问题描述
我想从这个 website 下载所有电子邮件。 我发现要做到这一点,我应该在“部门列表”中选择每个名称,然后单击以打开隐藏的名称。如何选择完整的电子邮件列表?例如,要在“解剖学”上进行,我正在尝试以下操作。
此外,有没有更好的方法来先选择所有部门的 css 选择器,然后循环它们以获取电子邮件? 提前致谢
library(RSelenium)
dep<-"http://peoplefinder.tcd.ie/#DEPTSEARCHRESULT" #my url
#open connection
rD <- rsDriver(browser="firefox",port=4545L,verbose=F)
remDr <- rD[["client"]]
remDr$navigate(dep)
#find and click on "Anatomy"
webElem <- remDr$findElement(using = 'css selector','#MainContent_UserControlSearchForPerson_DropDownListDepartments > option:nth-child(9)')
webElem$clickElement()
#open masked list
webElem <- remDr$findElement(using = 'css selector','#DEPTSEARCHRESULT > div.panel-heading > div.panel-title.visible-md.visible-lg > h4 > a') # this matches for the element which is interactable
webElem$clickElement()
#Now I cannot get the right css if I substite _# with _1 for example I get the first element but I would like the full list
text<-remDr$findElement(using = 'css selector','MainContent_UserControlSearchForPerson_RepeaterSubDeptParent_RepeaterSubDeptChild_0_UserControlEmailAddress_#_EmailLink_#')$getElementText()
解决方法
我是这样解决的;您认为是否有更好/更快的代码?
dep<-"http://peoplefinder.tcd.ie/#DEPTSEARCHRESULT"

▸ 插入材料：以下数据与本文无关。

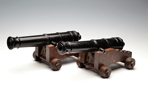 A PAIR OF INERT 1/4 SCALE MODEL CANNON, in the style of 12pdr naval guns, with 15 1/2in. black-painted banded un-bored barrels including the cascabel, moulded trunnions and each complete with its wood naval style trolley on four trucks (clamps missing)
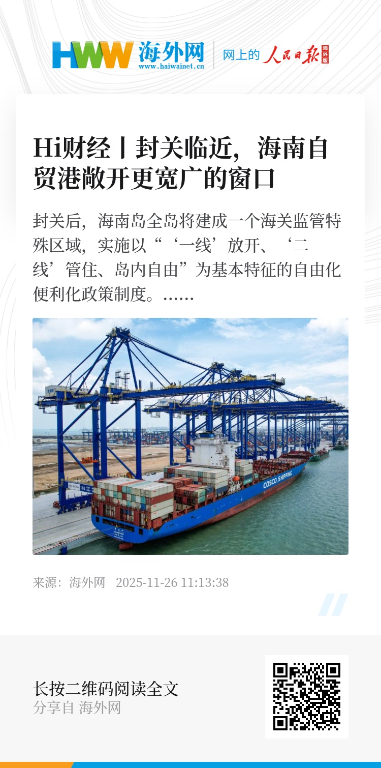 海南大学国际商学院教授颜洪平告诉人民日报海外网,“封关运作是海南自贸港建设的关键里程碑,标志着其从政策试点迈向制度型开放的新阶段。”

rD <- rsDriver(browser="firefox",port=4545L,verbose=F)
remDr <- rD[["client"]]
#MainContent_UserControlSearchForPerson_DropDownListDepartments > option:nth-child(8)-(225)
toclick<-paste0('#MainContent_UserControlSearchForPerson_DropDownListDepartments > option:nth-child(',8:225,')')
mail<-list()
for(i in 1:length(toclick)){
remDr$navigate(dep)
webElem <- remDr$findElement(using = 'css selector',toclick[i]) # click on items in dropdown menu
webElem$clickElement()
Sys.sleep(3) #time to load the page
r<-webElem$getPageSource() #get all webpage text and selct mailto
r<-unlist(str_split(as.character(r),'"'))
w<-which(grepl("mailto:",r))
a<-r[w]
a<-gsub("mailto:","",a,fixed = T)
a<-gsub("%40","@",fixed = T)
a<-unique(a)
mail<-c(mail,a)
}